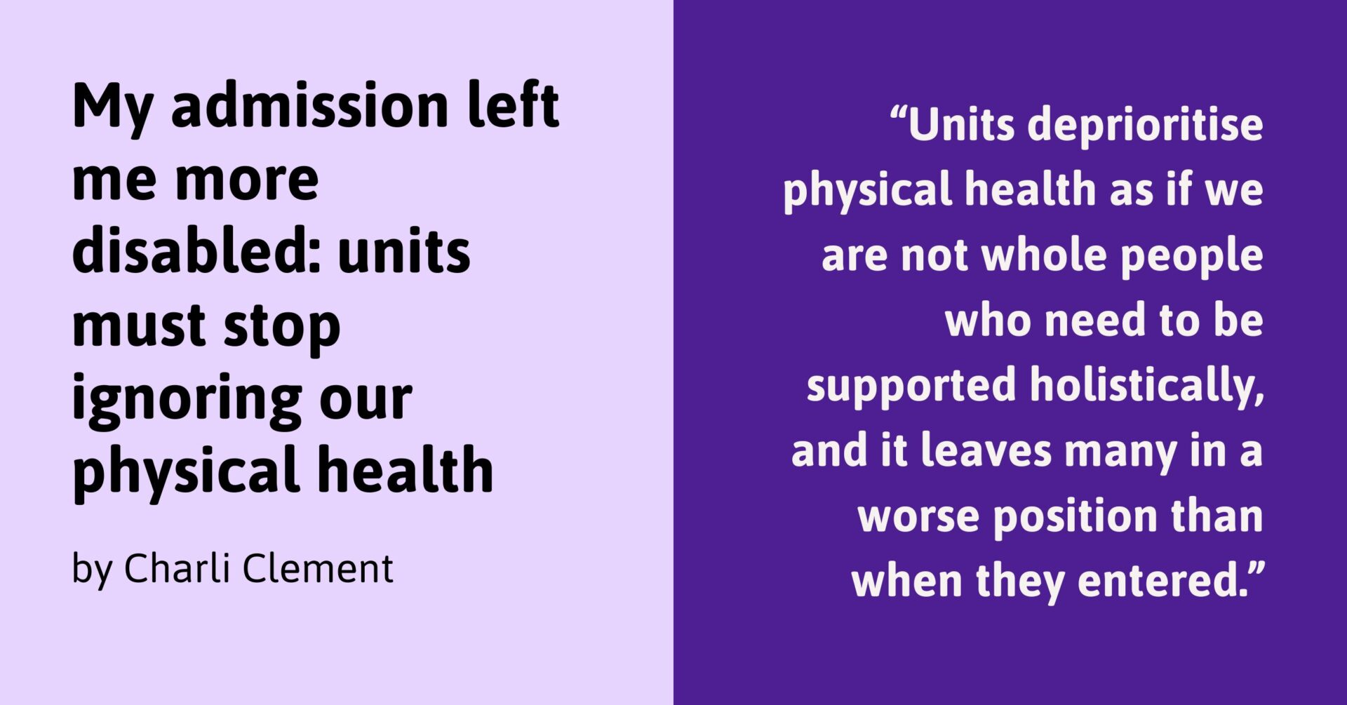 My admission left me more disabled: units must stop ignoring our physical health
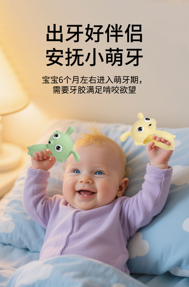 硅胶牙胶叠叠乐 婴儿恐龙宝宝牙胶安抚玩具防吃手可水煮批
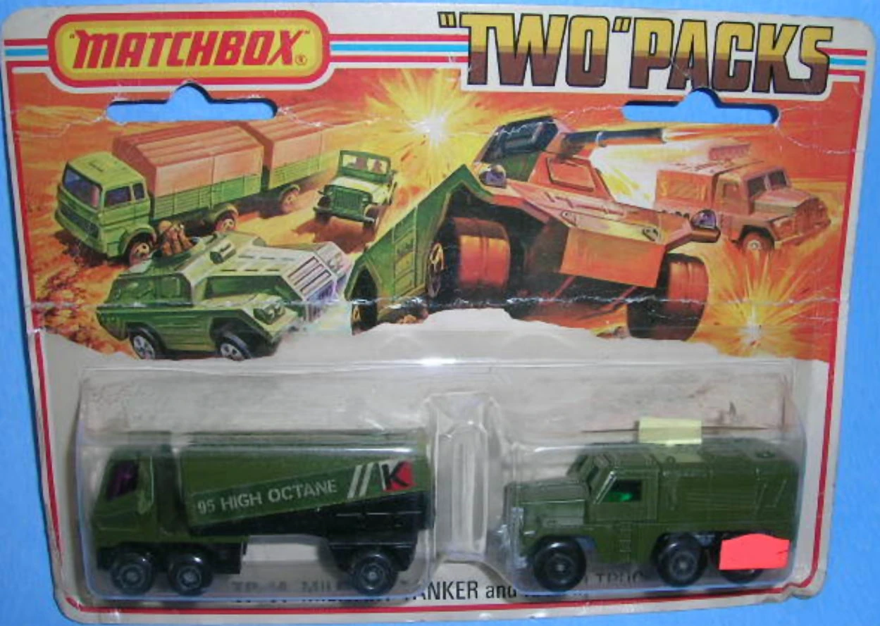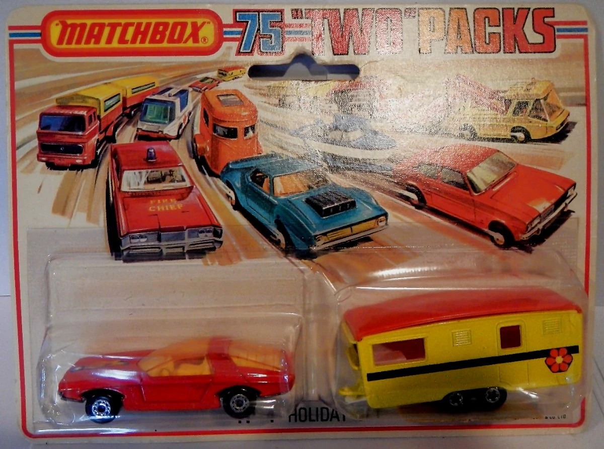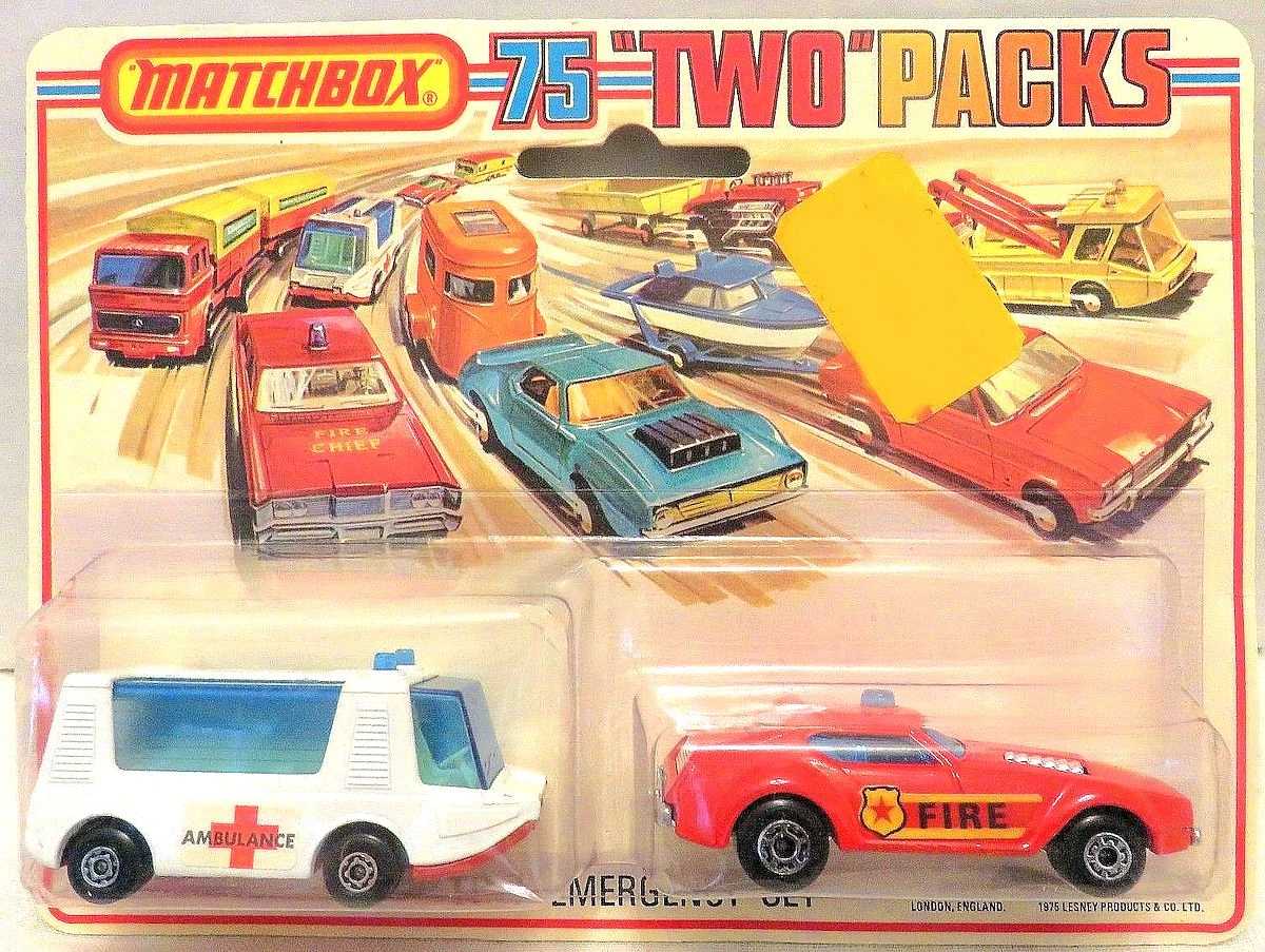 - Matchbox Two Packs (stylized as "Two" Packs) originated in 1976. They featured two vehicles in a single box or blister pack. Some vehicles were the same as those then available in the 1-75 range, while others were special editions. Once the 1-75 range split into INT and USA versions, "Two" Packs sometimes featured vehicles from the other line, e.g. an INT vehicle in the USA market. Sets were numbered with a TP- prefix under all series names.
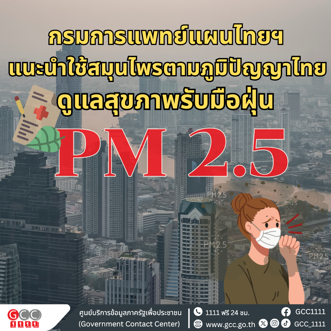 ทางกรมการแพทย์แผนไทยและการแพทย์ทางเลือก จึงสนับสนุนการใช้สมุนไพรตามภูมิปัญญาไทยในการดูแลตัวเองในสถานการณ์ฝุ่น PM 2.5 โดยเฉพาะผู้ป่วยโรคประจำตัว เช่น โรคระบบทางเดินหายใจ โรคปอด โรคหัวใจ โรคความดันโลหิตสูง และโรคผิวหนัง ที่ต้องระวังเป็นพิเศษ เนื่องจากฝุ่น PM 2.5 มีอนุภาคขนาดเล็กมาก สามารถหลุดผ่านขนจมูกเข้าสู่ร่างกาย ก่อให้เกิดการระคายเคืองในระบบทางเดินหายใจ การอักเสบในอวัยวะต่างๆ รวมถึงเพิ่มความเสี่ยงต่อการกำเริบของโรคเรื้อรังดังกล่าวได้ ดังนั้น การนำสมุนไพร เช่น มะขามป้อม บรรเทาอาการไอ บรรเทาอาการระคายคอ ขมิ้นชัน และชาชงรางจืด ต้านการอักเสบของร่างกาย สำหรับปัญหาผิวหนังที่เกิดจากฝุ่น PM 2.5 เช่น ผด ผื่น และอาการคัน ควรใช้ผลิตภัณฑ์สมุนไพรที่ช่วยเพิ่มความชุ่มชื้นและลดการอักเสบ เช่น ว่านหางจระเข้ บัวบก โลชั่นพญายอ ส่วนอาการผิวหนังอักเสบหรือผื่นลมพิษควรใช้ผลิตภัณฑ์ที่มีส่วนผสมของพลู หรือ ขี้ผึ้งพญายอ ใช้ทาบรรเทาอาการ ผื่น แพ้ คัน และการอักเสบของผิวหนัง ผลิตภัณฑ์เหล่านี้มีจำหน่ายทั่วไปตามร้านขายยา หรือ ร้านค้าสะดวกซื้อทั่วไป
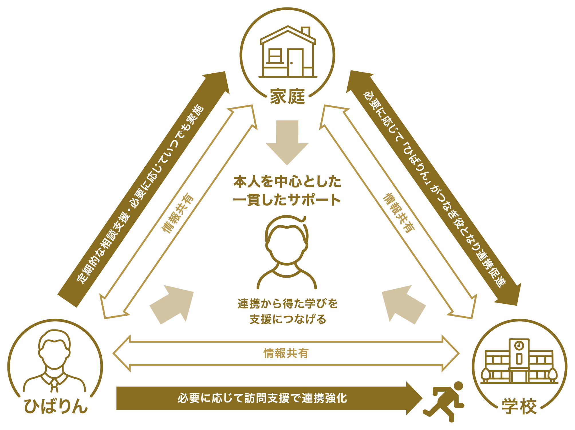 - ひばりんでの課題も家庭と学校に共有することで全体として一貫したサポートができる。
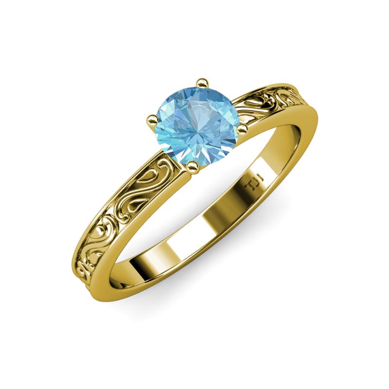 Round (6.50 mm) Blue Topaz 0.95 ct Scroll Women Solitaire Engagement Ring 14K Yellow Gold More Details ...
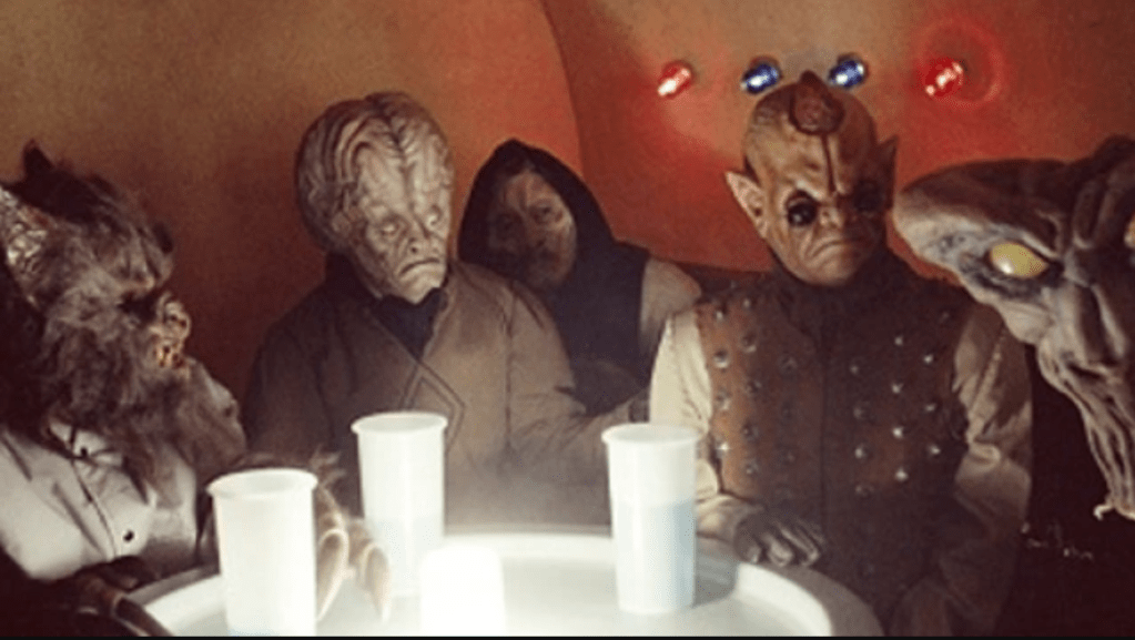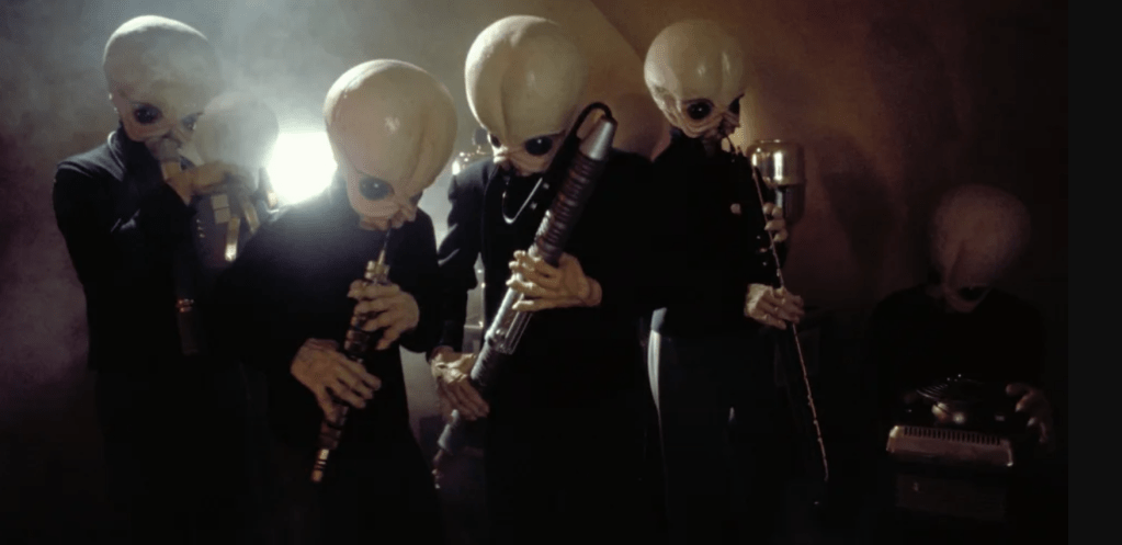 In that scene from A New Hope we first see Skywalker and Kenobi as they observe the area from a distance. Then as they approach Mos Eisley in Luke’s landspeeder, the audience – and Luke – learn from Alec Guiness’ Obi-Wan’s exactly where they are heading to find assistance with their mission. However, help would seem to be the last thing you would expect to find in Mos Eisley as, according to Obi-Wan, it is “a wretched hive of scum and villainy.” He even punctuates this by adding “we must be cautious’; advising the naive farmboy he isn’t in Kansas anymore. But clearly making it past the checkpoint without incident made Luke a little too comfortable until his run-in with Ponda serves to remind him and audiences of the Jedi’s instructions. That may be why bartender Wuher warned Luke they don’t serve their kind while looking at C3-PO; he meant civilized. Even the relaxing melody from the Modal Nodes seems to have a hidden meaning, perhaps alluding to the lead singer Figrin D’An internal struggle given the title is “Mad At Me”.
● ● ● ●
ABOUT THIS EXERCISE —
Repeat all the material exactly, but keep pictures out of the copy.

WRITTEN SOLUTION —
 My admission left me more disabled: units must stop ignoring our physical health
 硅胶牙胶叠叠乐 婴儿恐龙宝宝牙胶安抚玩具防吃手可水煮批
 - Matchbox Two Packs (stylized as "Two" Packs) originated in 1976. They featured two vehicles in a single box or blister pack. Some vehicles were the same as those then available in the 1-75 range, while others were special editions. Once the 1-75 range split into INT and USA versions, "Two" Packs sometimes featured vehicles from the other line, e.g. an INT vehicle in the USA market. Sets were numbered with a TP- prefix under all series names.
 ทางกรมการแพทย์แผนไทยและการแพทย์ทางเลือก จึงสนับสนุนการใช้สมุนไพรตามภูมิปัญญาไทยในการดูแลตัวเองในสถานการณ์ฝุ่น PM 2.5 โดยเฉพาะผู้ป่วยโรคประจำตัว เช่น โรคระบบทางเดินหายใจ โรคปอด โรคหัวใจ โรคความดันโลหิตสูง และโรคผิวหนัง ที่ต้องระวังเป็นพิเศษ เนื่องจากฝุ่น PM 2.5 มีอนุภาคขนาดเล็กมาก สามารถหลุดผ่านขนจมูกเข้าสู่ร่างกาย ก่อให้เกิดการระคายเคืองในระบบทางเดินหายใจ การอักเสบในอวัยวะต่างๆ รวมถึงเพิ่มความเสี่ยงต่อการกำเริบของโรคเรื้อรังดังกล่าวได้ ดังนั้น การนำสมุนไพร เช่น มะขามป้อม บรรเทาอาการไอ บรรเทาอาการระคายคอ ขมิ้นชัน และชาชงรางจืด ต้านการอักเสบของร่างกาย สำหรับปัญหาผิวหนังที่เกิดจากฝุ่น PM 2.5 เช่น ผด ผื่น และอาการคัน ควรใช้ผลิตภัณฑ์สมุนไพรที่ช่วยเพิ่มความชุ่มชื้นและลดการอักเสบ เช่น ว่านหางจระเข้ บัวบก โลชั่นพญายอ ส่วนอาการผิวหนังอักเสบหรือผื่นลมพิษควรใช้ผลิตภัณฑ์ที่มีส่วนผสมของพลู หรือ ขี้ผึ้งพญายอ ใช้ทาบรรเทาอาการ ผื่น แพ้ คัน และการอักเสบของผิวหนัง ผลิตภัณฑ์เหล่านี้มีจำหน่ายทั่วไปตามร้านขายยา หรือ ร้านค้าสะดวกซื้อทั่วไป
 - ひばりんでの課題も家庭と学校に共有することで全体として一貫したサポートができる。
 Round (6.50 mm) Blue Topaz 0.95 ct Scroll Women Solitaire Engagement Ring 14K Yellow Gold More Details ...
 In that scene from A New Hope we first see Skywalker and Kenobi as they observe the area from a distance. Then as they approach Mos Eisley in Luke’s landspeeder, the audience – and Luke – learn from Alec Guiness’ Obi-Wan’s exactly where they are heading to find assistance with their mission. However, help would seem to be the last thing you would expect to find in Mos Eisley as, according to Obi-Wan, it is “a wretched hive of scum and villainy.” He even punctuates this by adding “we must be cautious’; advising the naive farmboy he isn’t in Kansas anymore. But clearly making it past the checkpoint without incident made Luke a little too comfortable until his run-in with Ponda serves to remind him and audiences of the Jedi’s instructions. That may be why bartender Wuher warned Luke they don’t serve their kind while looking at C3-PO; he meant civilized. Even the relaxing melody from the Modal Nodes seems to have a hidden meaning, perhaps alluding to the lead singer Figrin D’An internal struggle given the title is “Mad At Me”.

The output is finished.